论文标题
通过探测预测微调性能
Predicting Fine-Tuning Performance with Probing
论文作者
论文摘要
大型NLP模型最近在语言理解任务中表现出了令人印象深刻的表现,通常通过其微调的性能进行评估。另外,探测已被越来越多的注意力作为一种轻巧的方法来解释大型NLP模型的内在机制。在探测中,事后分类器接受了诊断特定能力的“室外”数据集的培训。在探索语言模型导致有见地的发现时,它们似乎与模型的开发脱节。本文探讨了探测深NLP模型以提取广泛用于模型开发的代理信号的实用性 - 微调性能。我们发现,只有三个探测测试的精度可以通过错误$ 40 \%$ - $ 80 \%$ $比基线的精确度预测微调性能。我们进一步讨论了可能的途径,探测可以增强深入NLP模型的发展。

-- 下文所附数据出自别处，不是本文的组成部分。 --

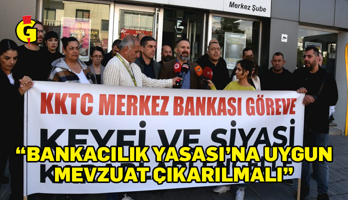 Basın açıklamasında, “KKTC Merkez Bankası Göreve, Keyfi ve Siyasi Kararları Engelle” yazılı pankart açıldı.

Large NLP models have recently shown impressive performance in language understanding tasks, typically evaluated by their fine-tuned performance. Alternatively, probing has received increasing attention as being a lightweight method for interpreting the intrinsic mechanisms of large NLP models. In probing, post-hoc classifiers are trained on "out-of-domain" datasets that diagnose specific abilities. While probing the language models has led to insightful findings, they appear disjointed from the development of models. This paper explores the utility of probing deep NLP models to extract a proxy signal widely used in model development -- the fine-tuning performance. We find that it is possible to use the accuracies of only three probing tests to predict the fine-tuning performance with errors $40\%$ - $80\%$ smaller than baselines. We further discuss possible avenues where probing can empower the development of deep NLP models.